[Data shown Boundary: Start]

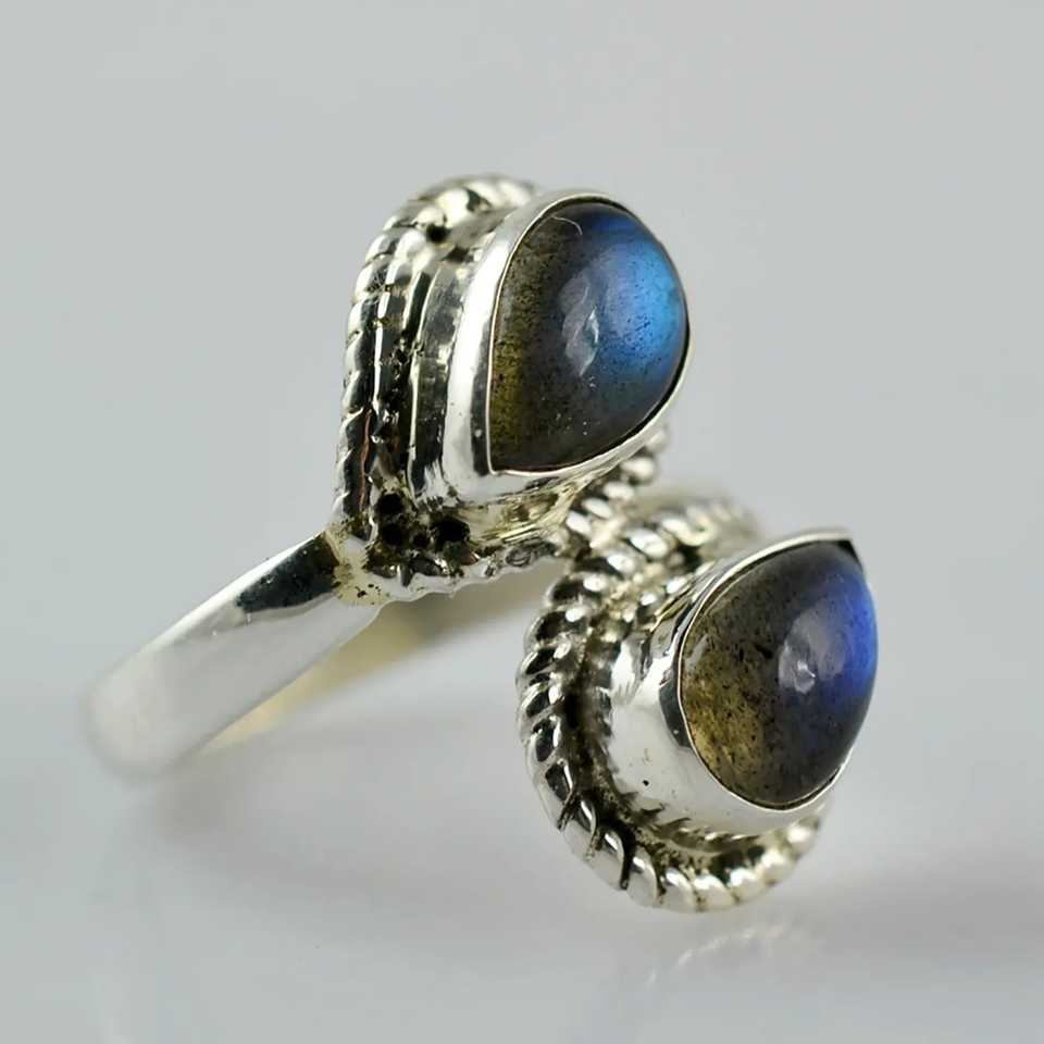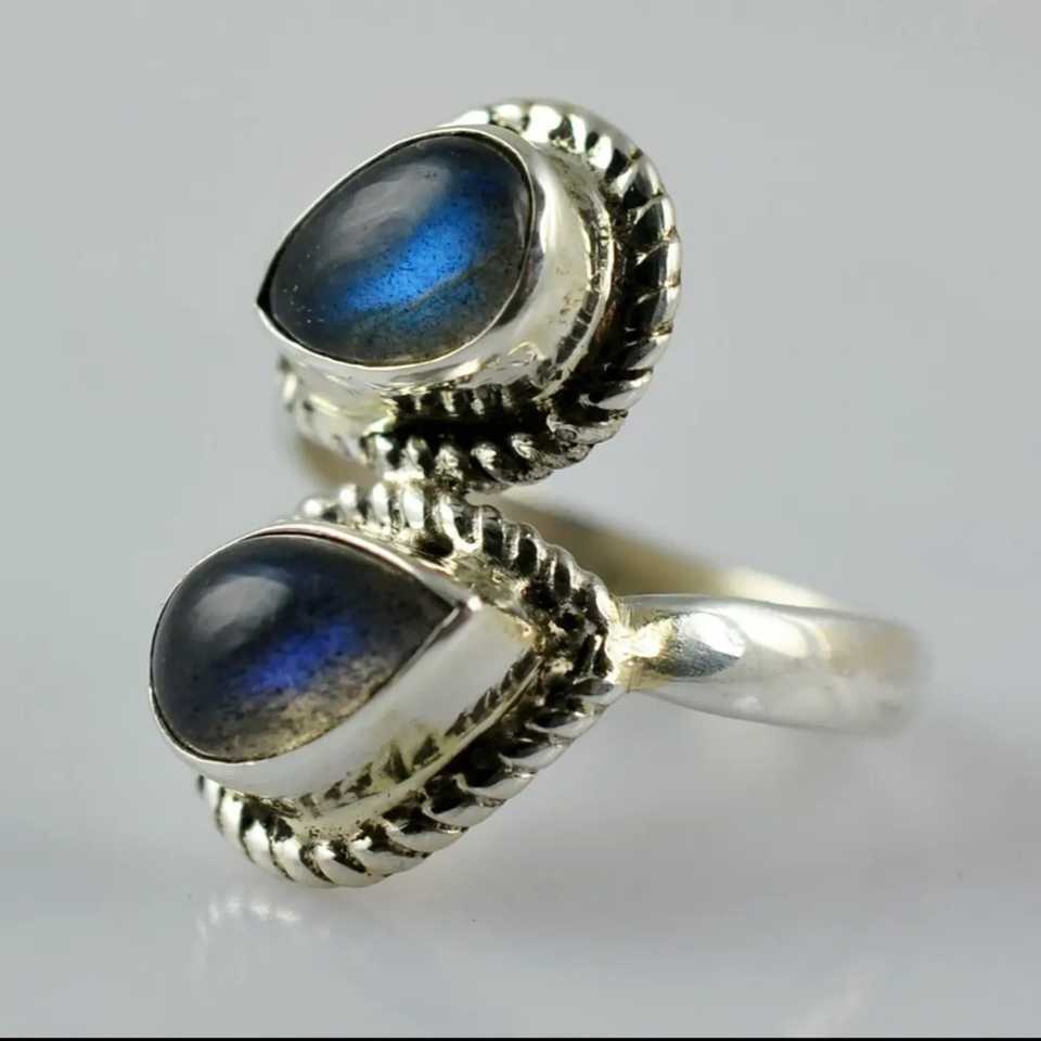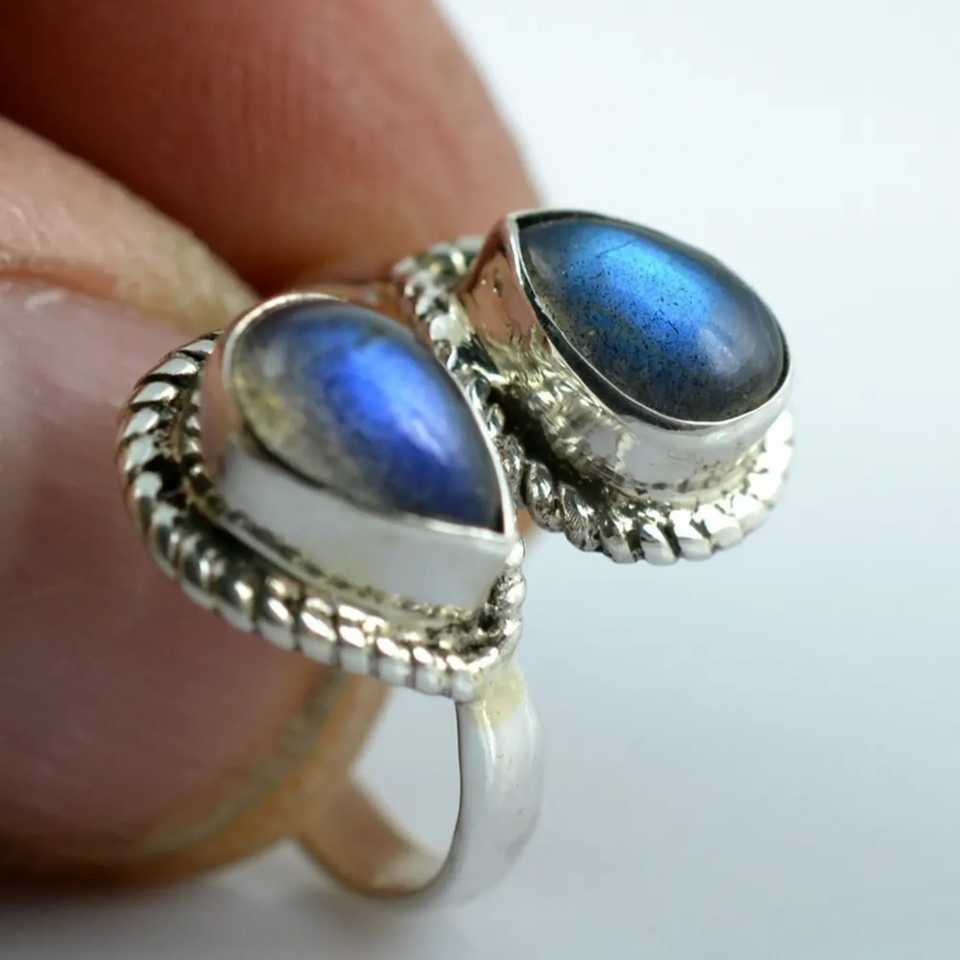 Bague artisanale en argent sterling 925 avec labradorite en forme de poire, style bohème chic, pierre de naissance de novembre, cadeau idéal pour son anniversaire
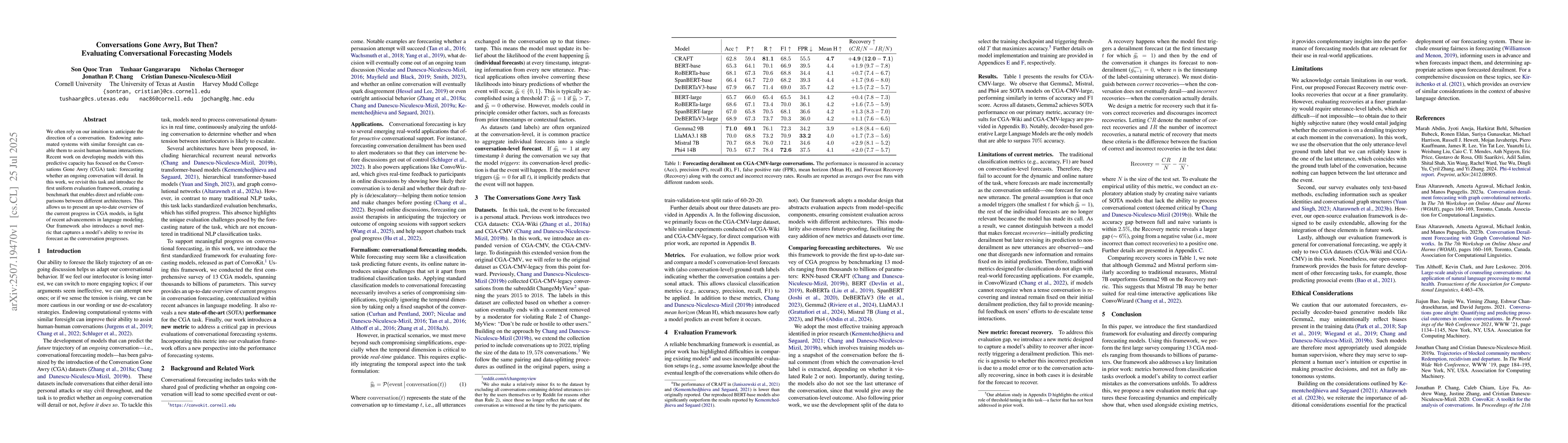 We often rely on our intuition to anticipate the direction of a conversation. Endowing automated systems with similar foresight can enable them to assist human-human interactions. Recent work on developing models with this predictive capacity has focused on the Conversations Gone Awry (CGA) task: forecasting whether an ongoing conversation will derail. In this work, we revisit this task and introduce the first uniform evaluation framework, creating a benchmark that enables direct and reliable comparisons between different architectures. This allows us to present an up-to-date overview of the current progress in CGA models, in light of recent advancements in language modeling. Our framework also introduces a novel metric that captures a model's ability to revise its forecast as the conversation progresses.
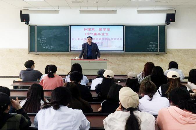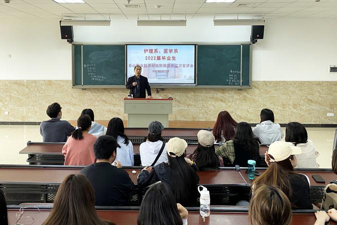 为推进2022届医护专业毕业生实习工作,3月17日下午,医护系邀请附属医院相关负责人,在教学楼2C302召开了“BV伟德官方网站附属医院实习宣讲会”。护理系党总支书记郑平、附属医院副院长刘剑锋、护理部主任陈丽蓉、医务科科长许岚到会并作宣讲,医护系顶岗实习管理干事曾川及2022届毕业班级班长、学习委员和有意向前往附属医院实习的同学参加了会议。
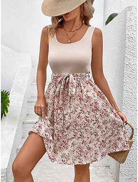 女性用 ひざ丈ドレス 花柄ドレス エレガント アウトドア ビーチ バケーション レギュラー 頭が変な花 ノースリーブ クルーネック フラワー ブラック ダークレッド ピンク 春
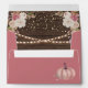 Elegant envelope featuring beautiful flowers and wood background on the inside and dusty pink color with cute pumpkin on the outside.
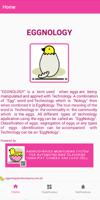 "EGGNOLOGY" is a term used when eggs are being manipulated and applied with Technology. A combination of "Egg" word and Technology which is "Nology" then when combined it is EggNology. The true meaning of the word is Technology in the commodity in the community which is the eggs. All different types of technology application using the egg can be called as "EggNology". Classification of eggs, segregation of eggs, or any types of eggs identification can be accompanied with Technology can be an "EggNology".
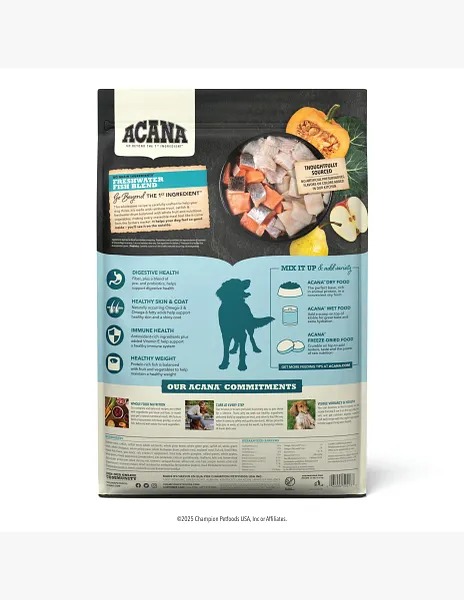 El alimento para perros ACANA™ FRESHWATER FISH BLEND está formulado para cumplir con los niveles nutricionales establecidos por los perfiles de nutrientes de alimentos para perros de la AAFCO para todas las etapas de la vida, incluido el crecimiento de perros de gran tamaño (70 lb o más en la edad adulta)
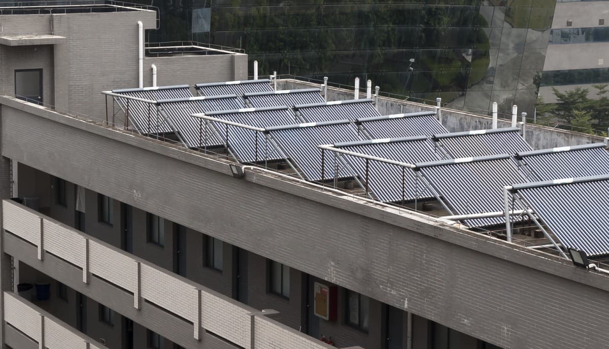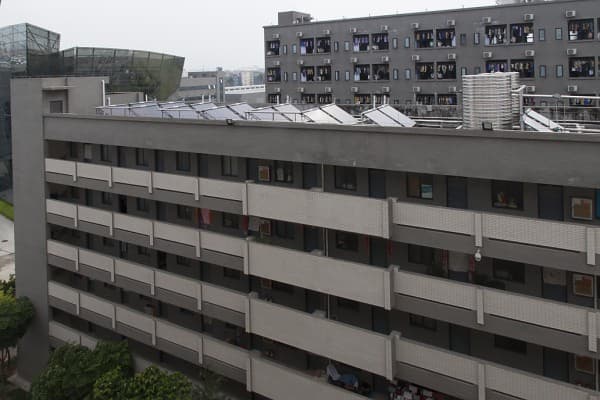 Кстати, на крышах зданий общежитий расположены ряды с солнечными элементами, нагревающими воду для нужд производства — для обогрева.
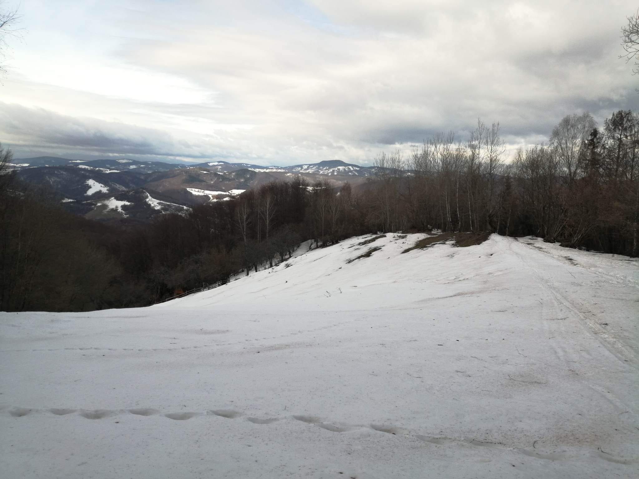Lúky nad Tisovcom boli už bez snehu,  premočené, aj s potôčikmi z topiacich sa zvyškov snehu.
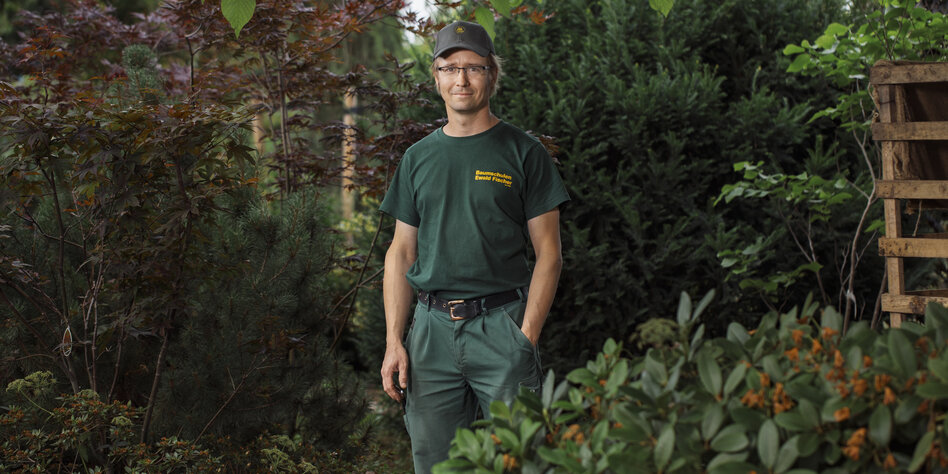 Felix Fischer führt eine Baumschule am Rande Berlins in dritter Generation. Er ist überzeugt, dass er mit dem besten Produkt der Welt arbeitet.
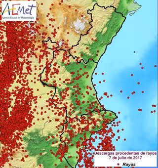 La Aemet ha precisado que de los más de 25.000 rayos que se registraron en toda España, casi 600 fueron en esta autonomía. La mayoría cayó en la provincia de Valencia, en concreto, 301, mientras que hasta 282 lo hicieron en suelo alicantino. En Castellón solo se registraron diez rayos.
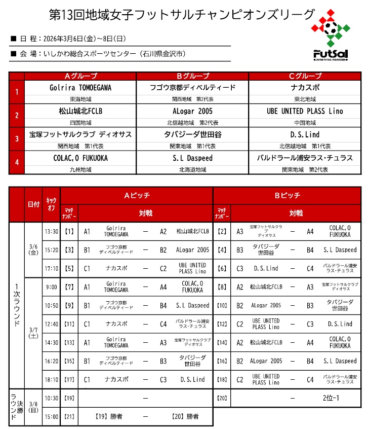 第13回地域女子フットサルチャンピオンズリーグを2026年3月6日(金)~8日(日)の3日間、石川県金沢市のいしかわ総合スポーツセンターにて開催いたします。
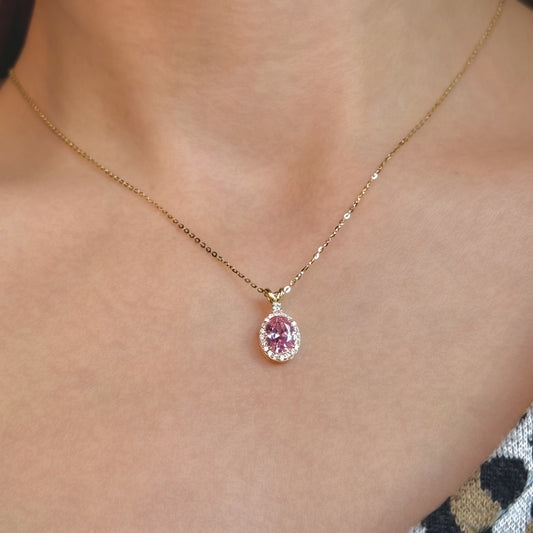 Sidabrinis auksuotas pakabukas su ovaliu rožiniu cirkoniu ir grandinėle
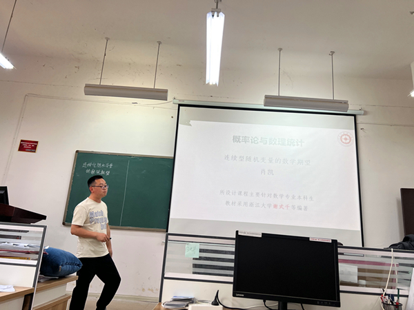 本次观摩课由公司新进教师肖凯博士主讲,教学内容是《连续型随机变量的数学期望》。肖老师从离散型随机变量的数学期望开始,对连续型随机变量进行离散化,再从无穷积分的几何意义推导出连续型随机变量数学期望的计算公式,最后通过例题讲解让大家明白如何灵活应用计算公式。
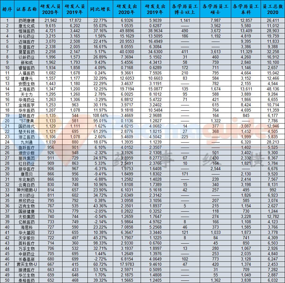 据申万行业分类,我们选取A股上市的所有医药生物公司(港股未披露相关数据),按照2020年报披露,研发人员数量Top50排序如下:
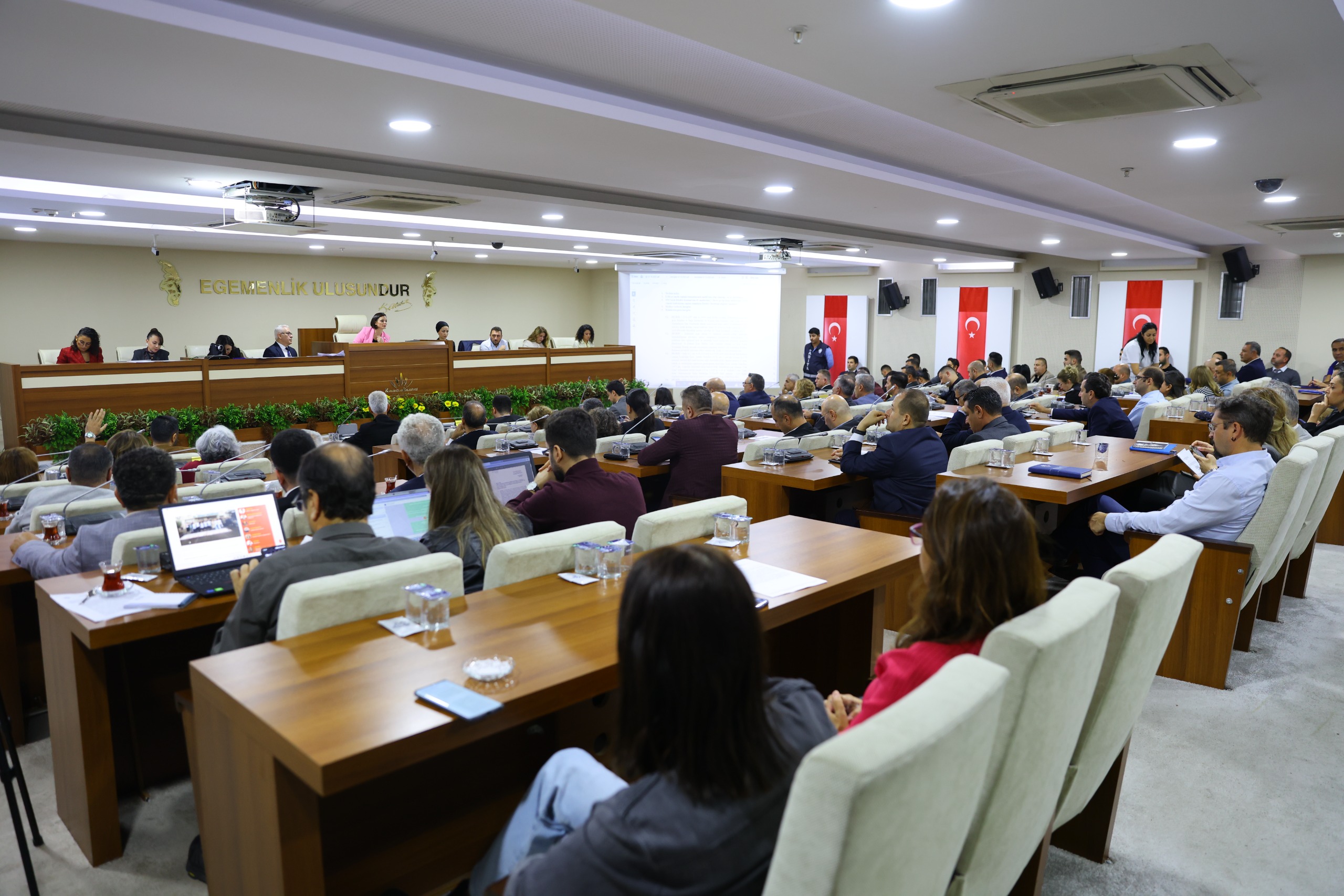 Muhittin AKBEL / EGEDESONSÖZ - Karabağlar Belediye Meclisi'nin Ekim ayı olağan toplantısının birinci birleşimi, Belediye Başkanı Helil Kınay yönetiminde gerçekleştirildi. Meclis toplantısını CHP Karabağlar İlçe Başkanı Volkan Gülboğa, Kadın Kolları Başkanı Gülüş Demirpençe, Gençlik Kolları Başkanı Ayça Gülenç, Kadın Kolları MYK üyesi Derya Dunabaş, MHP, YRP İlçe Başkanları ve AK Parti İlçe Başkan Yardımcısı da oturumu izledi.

[Data shown Boundary: End]

* **Exercise prompt**
For this exercise, output the records exactly but omit their pictures.

* **Task result**
 Bague artisanale en argent sterling 925 avec labradorite en forme de poire, style bohème chic, pierre de naissance de novembre, cadeau idéal pour son anniversaire
 We often rely on our intuition to anticipate the direction of a conversation. Endowing automated systems with similar foresight can enable them to assist human-human interactions. Recent work on developing models with this predictive capacity has focused on the Conversations Gone Awry (CGA) task: forecasting whether an ongoing conversation will derail. In this work, we revisit this task and introduce the first uniform evaluation framework, creating a benchmark that enables direct and reliable comparisons between different architectures. This allows us to present an up-to-date overview of the current progress in CGA models, in light of recent advancements in language modeling. Our framework also introduces a novel metric that captures a model's ability to revise its forecast as the conversation progresses.
 为推进2022届医护专业毕业生实习工作,3月17日下午,医护系邀请附属医院相关负责人,在教学楼2C302召开了“BV伟德官方网站附属医院实习宣讲会”。护理系党总支书记郑平、附属医院副院长刘剑锋、护理部主任陈丽蓉、医务科科长许岚到会并作宣讲,医护系顶岗实习管理干事曾川及2022届毕业班级班长、学习委员和有意向前往附属医院实习的同学参加了会议。
 女性用 ひざ丈ドレス 花柄ドレス エレガント アウトドア ビーチ バケーション レギュラー 頭が変な花 ノースリーブ クルーネック フラワー ブラック ダークレッド ピンク 春
 Elegant envelope featuring beautiful flowers and wood background on the inside and dusty pink color with cute pumpkin on the outside.
 "EGGNOLOGY" is a term used when eggs are being manipulated and applied with Technology. A combination of "Egg" word and Technology which is "Nology" then when combined it is EggNology. The true meaning of the word is Technology in the commodity in the community which is the eggs. All different types of technology application using the egg can be called as "EggNology". Classification of eggs, segregation of eggs, or any types of eggs identification can be accompanied with Technology can be an "EggNology".
 El alimento para perros ACANA™ FRESHWATER FISH BLEND está formulado para cumplir con los niveles nutricionales establecidos por los perfiles de nutrientes de alimentos para perros de la AAFCO para todas las etapas de la vida, incluido el crecimiento de perros de gran tamaño (70 lb o más en la edad adulta)
 Кстати, на крышах зданий общежитий расположены ряды с солнечными элементами, нагревающими воду для нужд производства — для обогрева.
Lúky nad Tisovcom boli už bez snehu,  premočené, aj s potôčikmi z topiacich sa zvyškov snehu.
 Felix Fischer führt eine Baumschule am Rande Berlins in dritter Generation. Er ist überzeugt, dass er mit dem besten Produkt der Welt arbeitet.
 La Aemet ha precisado que de los más de 25.000 rayos que se registraron en toda España, casi 600 fueron en esta autonomía. La mayoría cayó en la provincia de Valencia, en concreto, 301, mientras que hasta 282 lo hicieron en suelo alicantino. En Castellón solo se registraron diez rayos.
 第13回地域女子フットサルチャンピオンズリーグを2026年3月6日(金)~8日(日)の3日間、石川県金沢市のいしかわ総合スポーツセンターにて開催いたします。
 Sidabrinis auksuotas pakabukas su ovaliu rožiniu cirkoniu ir grandinėle
 本次观摩课由公司新进教师肖凯博士主讲,教学内容是《连续型随机变量的数学期望》。肖老师从离散型随机变量的数学期望开始,对连续型随机变量进行离散化,再从无穷积分的几何意义推导出连续型随机变量数学期望的计算公式,最后通过例题讲解让大家明白如何灵活应用计算公式。
 据申万行业分类,我们选取A股上市的所有医药生物公司(港股未披露相关数据),按照2020年报披露,研发人员数量Top50排序如下:
 Muhittin AKBEL / EGEDESONSÖZ - Karabağlar Belediye Meclisi'nin Ekim ayı olağan toplantısının birinci birleşimi, Belediye Başkanı Helil Kınay yönetiminde gerçekleştirildi. Meclis toplantısını CHP Karabağlar İlçe Başkanı Volkan Gülboğa, Kadın Kolları Başkanı Gülüş Demirpençe, Gençlik Kolları Başkanı Ayça Gülenç, Kadın Kolları MYK üyesi Derya Dunabaş, MHP, YRP İlçe Başkanları ve AK Parti İlçe Başkan Yardımcısı da oturumu izledi.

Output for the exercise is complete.